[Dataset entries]

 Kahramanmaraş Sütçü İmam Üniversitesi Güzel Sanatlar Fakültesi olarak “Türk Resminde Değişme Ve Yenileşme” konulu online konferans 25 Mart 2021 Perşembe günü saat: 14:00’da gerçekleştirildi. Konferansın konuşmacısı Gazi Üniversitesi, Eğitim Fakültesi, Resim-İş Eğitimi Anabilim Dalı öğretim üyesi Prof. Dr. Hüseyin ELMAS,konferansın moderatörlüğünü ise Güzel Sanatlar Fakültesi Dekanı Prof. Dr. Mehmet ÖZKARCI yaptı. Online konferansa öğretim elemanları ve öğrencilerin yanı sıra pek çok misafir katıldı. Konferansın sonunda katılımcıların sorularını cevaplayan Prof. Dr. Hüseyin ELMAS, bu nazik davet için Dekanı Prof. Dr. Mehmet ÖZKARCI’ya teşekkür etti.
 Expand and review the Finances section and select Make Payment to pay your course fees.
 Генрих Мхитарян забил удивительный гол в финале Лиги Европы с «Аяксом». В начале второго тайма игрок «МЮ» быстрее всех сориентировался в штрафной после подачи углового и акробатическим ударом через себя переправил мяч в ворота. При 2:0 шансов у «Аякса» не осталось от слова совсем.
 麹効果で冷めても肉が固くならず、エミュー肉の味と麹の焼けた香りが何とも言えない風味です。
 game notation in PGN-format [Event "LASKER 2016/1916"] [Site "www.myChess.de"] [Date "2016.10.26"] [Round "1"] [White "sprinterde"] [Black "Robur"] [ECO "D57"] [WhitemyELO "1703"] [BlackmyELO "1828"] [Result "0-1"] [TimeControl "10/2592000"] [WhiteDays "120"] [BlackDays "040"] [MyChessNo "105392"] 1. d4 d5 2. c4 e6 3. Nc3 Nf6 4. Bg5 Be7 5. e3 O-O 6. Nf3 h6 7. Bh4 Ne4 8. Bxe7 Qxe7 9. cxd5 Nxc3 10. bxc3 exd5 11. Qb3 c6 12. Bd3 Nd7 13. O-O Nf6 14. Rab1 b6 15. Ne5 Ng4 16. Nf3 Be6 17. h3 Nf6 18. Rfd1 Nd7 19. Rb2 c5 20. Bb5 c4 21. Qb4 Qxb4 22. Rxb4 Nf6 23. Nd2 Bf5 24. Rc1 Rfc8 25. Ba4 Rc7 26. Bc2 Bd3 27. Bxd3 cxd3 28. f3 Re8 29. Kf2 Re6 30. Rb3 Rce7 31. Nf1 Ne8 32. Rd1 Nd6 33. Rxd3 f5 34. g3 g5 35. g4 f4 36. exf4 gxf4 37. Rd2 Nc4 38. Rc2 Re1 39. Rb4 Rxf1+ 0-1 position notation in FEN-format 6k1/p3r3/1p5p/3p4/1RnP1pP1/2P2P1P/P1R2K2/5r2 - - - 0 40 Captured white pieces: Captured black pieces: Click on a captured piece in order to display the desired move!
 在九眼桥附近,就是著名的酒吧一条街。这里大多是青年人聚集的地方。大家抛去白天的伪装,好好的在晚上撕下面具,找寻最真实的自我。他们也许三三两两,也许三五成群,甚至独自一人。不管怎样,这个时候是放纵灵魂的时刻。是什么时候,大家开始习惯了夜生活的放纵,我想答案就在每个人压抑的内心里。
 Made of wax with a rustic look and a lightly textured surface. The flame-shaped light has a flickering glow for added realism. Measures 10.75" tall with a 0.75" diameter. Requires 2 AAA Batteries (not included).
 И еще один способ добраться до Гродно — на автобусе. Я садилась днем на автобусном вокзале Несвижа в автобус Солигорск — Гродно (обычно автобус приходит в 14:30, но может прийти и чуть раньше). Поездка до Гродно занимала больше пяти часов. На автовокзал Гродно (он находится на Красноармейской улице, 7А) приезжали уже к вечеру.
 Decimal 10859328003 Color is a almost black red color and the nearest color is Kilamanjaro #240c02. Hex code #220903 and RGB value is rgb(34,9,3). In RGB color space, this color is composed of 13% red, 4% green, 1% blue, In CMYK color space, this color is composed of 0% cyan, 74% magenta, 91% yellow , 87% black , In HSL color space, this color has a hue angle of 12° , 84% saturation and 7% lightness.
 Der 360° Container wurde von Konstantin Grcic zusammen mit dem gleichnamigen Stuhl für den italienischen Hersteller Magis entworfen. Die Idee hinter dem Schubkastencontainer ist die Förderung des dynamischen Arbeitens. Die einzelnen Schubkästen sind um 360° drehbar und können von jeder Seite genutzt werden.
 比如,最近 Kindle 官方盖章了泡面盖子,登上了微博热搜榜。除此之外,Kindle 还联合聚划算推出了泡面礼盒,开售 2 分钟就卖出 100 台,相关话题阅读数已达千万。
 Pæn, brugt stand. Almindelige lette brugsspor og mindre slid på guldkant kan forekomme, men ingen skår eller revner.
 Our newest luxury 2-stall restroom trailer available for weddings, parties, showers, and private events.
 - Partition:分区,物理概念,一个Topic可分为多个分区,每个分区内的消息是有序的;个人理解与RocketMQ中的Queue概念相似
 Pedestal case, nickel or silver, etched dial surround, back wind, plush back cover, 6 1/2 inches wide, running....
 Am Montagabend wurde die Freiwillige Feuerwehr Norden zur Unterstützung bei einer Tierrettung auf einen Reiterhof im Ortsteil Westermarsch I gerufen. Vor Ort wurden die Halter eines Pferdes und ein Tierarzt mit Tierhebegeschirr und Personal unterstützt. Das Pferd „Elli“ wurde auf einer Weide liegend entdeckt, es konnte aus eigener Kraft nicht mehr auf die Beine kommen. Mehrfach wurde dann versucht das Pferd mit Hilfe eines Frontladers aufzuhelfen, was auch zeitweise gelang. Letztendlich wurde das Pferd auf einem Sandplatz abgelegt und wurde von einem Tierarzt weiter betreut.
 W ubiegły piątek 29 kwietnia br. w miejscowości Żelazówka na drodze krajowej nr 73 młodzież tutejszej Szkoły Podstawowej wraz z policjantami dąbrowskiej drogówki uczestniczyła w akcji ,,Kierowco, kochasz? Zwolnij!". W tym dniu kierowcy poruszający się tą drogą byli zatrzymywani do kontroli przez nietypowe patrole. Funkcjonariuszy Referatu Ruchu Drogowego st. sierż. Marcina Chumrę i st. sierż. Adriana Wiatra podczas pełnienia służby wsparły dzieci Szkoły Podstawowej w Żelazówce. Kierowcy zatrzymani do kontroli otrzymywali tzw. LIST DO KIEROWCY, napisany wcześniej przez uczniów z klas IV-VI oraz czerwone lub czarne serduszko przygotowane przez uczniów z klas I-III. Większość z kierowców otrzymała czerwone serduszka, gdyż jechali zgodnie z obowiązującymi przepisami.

→ **EXERCISE GOAL**
Your answer must consist solely of the lines from the top of the entries above through the line containing "Expand and review", copied exactly, both ends included.

→ **SOLUTION TO THE PROBLEM**
 Kahramanmaraş Sütçü İmam Üniversitesi Güzel Sanatlar Fakültesi olarak “Türk Resminde Değişme Ve Yenileşme” konulu online konferans 25 Mart 2021 Perşembe günü saat: 14:00’da gerçekleştirildi. Konferansın konuşmacısı Gazi Üniversitesi, Eğitim Fakültesi, Resim-İş Eğitimi Anabilim Dalı öğretim üyesi Prof. Dr. Hüseyin ELMAS,konferansın moderatörlüğünü ise Güzel Sanatlar Fakültesi Dekanı Prof. Dr. Mehmet ÖZKARCI yaptı. Online konferansa öğretim elemanları ve öğrencilerin yanı sıra pek çok misafir katıldı. Konferansın sonunda katılımcıların sorularını cevaplayan Prof. Dr. Hüseyin ELMAS, bu nazik davet için Dekanı Prof. Dr. Mehmet ÖZKARCI’ya teşekkür etti.
 Expand and review the Finances section and select Make Payment to pay your course fees.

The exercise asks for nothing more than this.